==== DATASET CONTENT
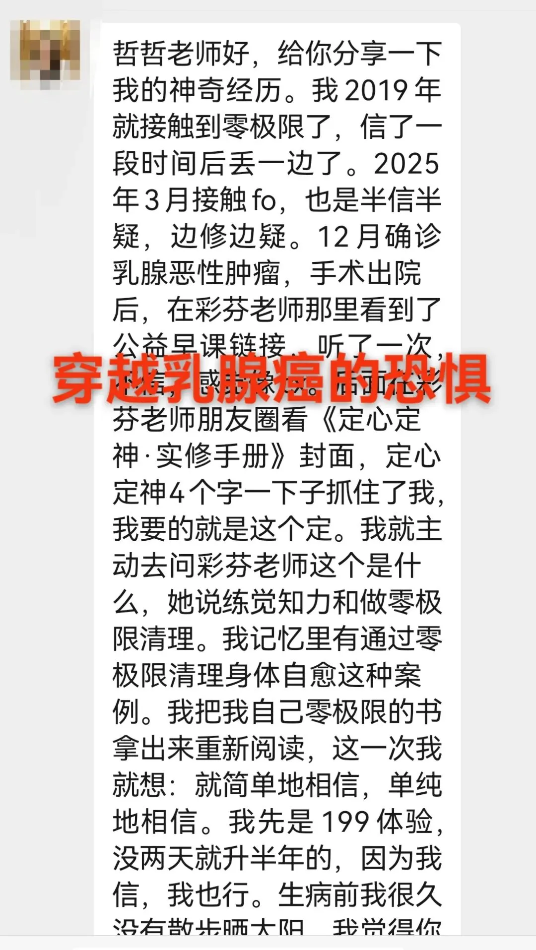 1月16日她经彩芬老师推荐果断加入我们定心定神实战群,在她日复一日的定心定神清理下,她的身体如同经历了一场暴风雨洗礼后的大地,重新迎来了光明,她告诉我们,她的身体现在健康完好,深深感恩!
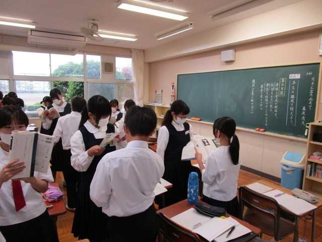 新しい教材文を読み合っていました。本時のめあては「本文の構成を捉えよう」ということですが、単元の目標も同時に立てているところが素晴らしいですね。
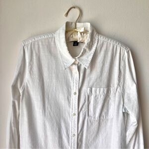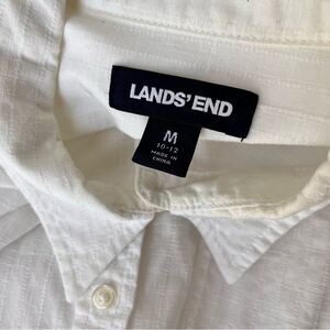 Lands’ End White Cotton Long Sleeve Button Front Shirt Size M 10-12
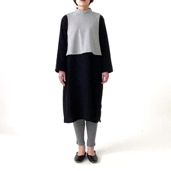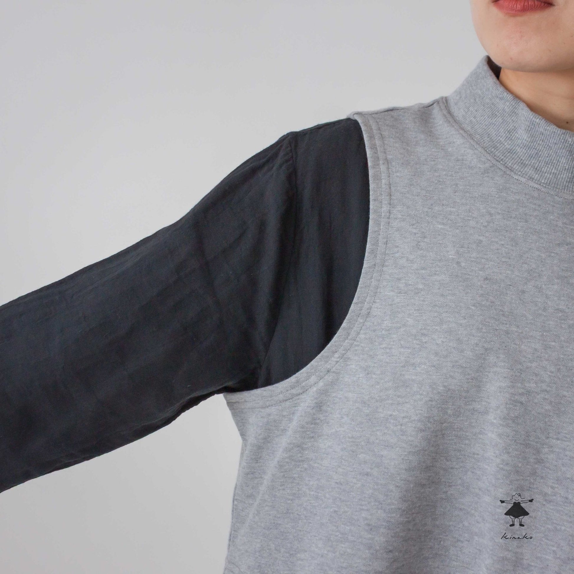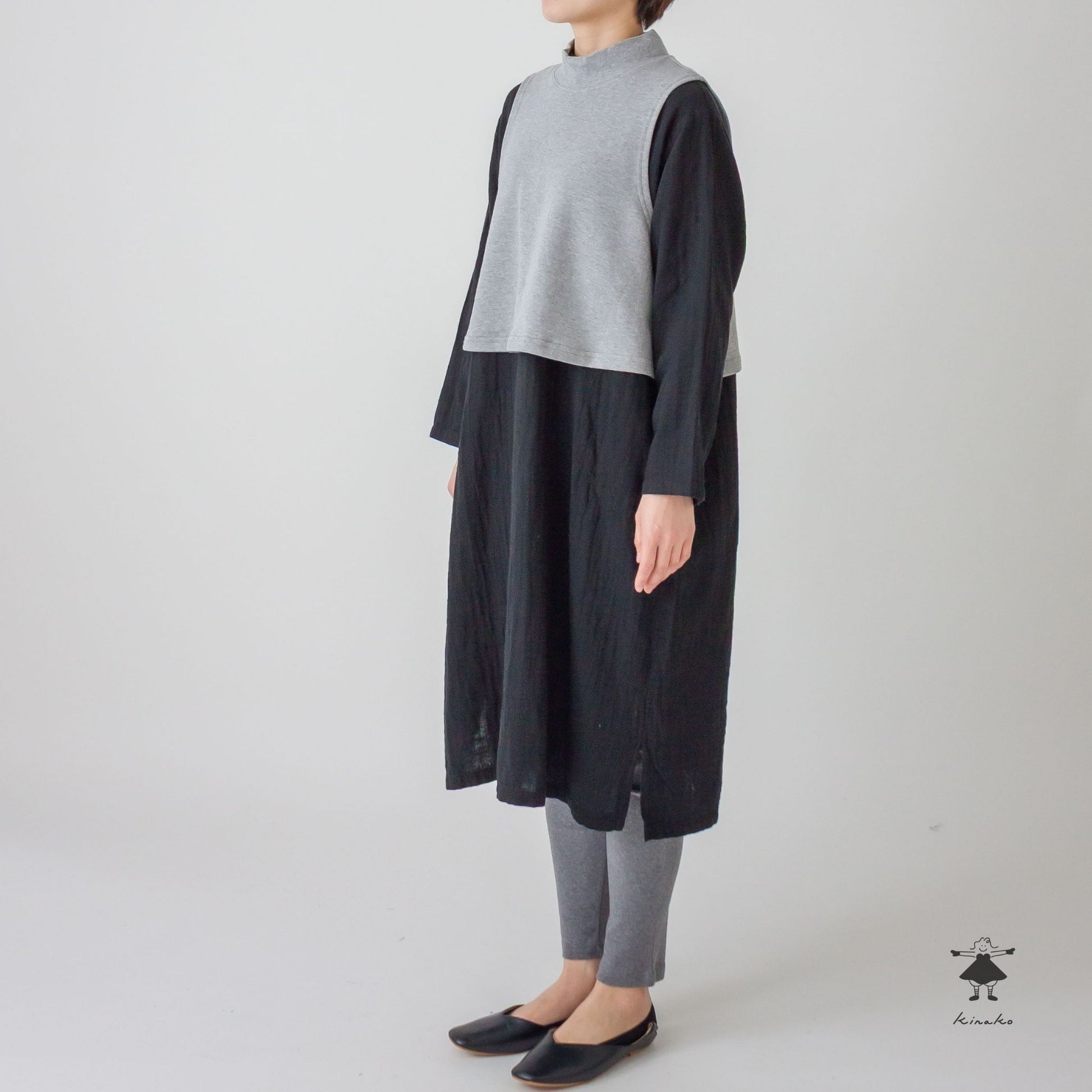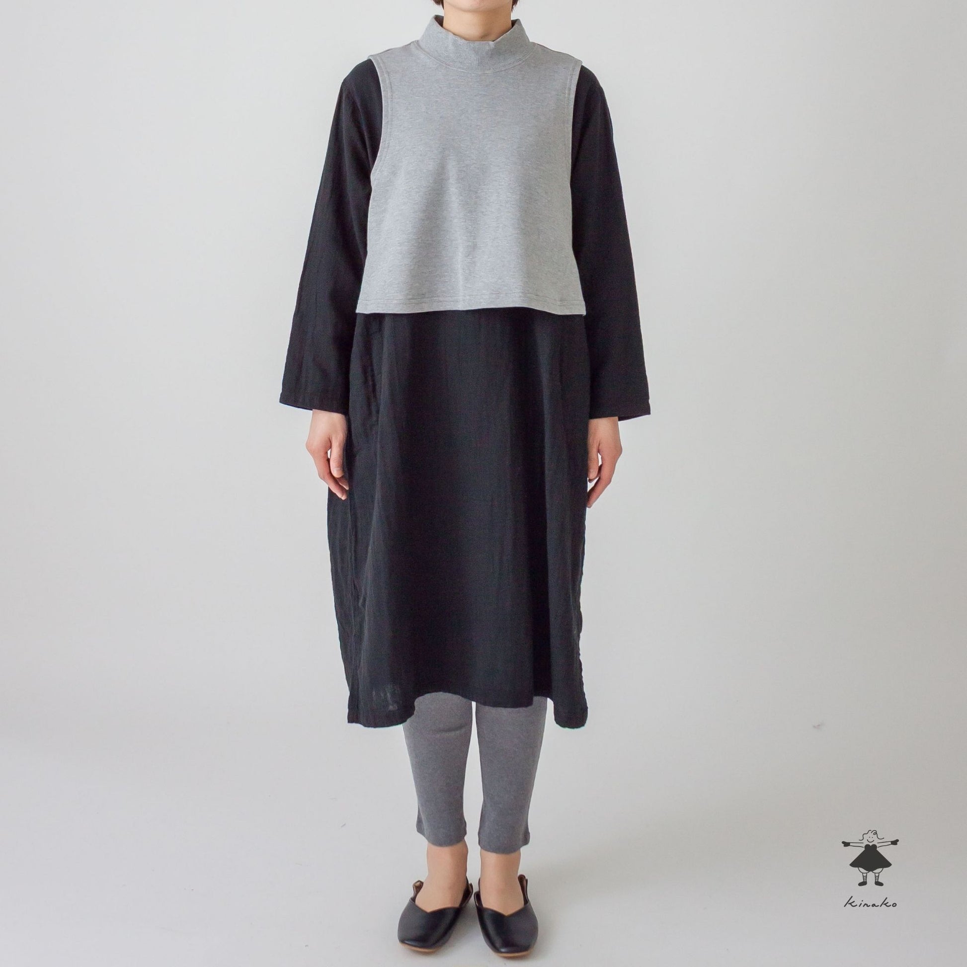 柔らかいミニパイル生地を使ったショート丈ベストです。フライス生地を使ったハイネックがポイントです。ワンピースやブラウスに重ねてコーディネイトして頂けます。
========
Without including any picture, repeat the data exactly.

 1月16日她经彩芬老师推荐果断加入我们定心定神实战群,在她日复一日的定心定神清理下,她的身体如同经历了一场暴风雨洗礼后的大地,重新迎来了光明,她告诉我们,她的身体现在健康完好,深深感恩!
 新しい教材文を読み合っていました。本時のめあては「本文の構成を捉えよう」ということですが、単元の目標も同時に立てているところが素晴らしいですね。
 Lands’ End White Cotton Long Sleeve Button Front Shirt Size M 10-12
 柔らかいミニパイル生地を使ったショート丈ベストです。フライス生地を使ったハイネックがポイントです。ワンピースやブラウスに重ねてコーディネイトして頂けます。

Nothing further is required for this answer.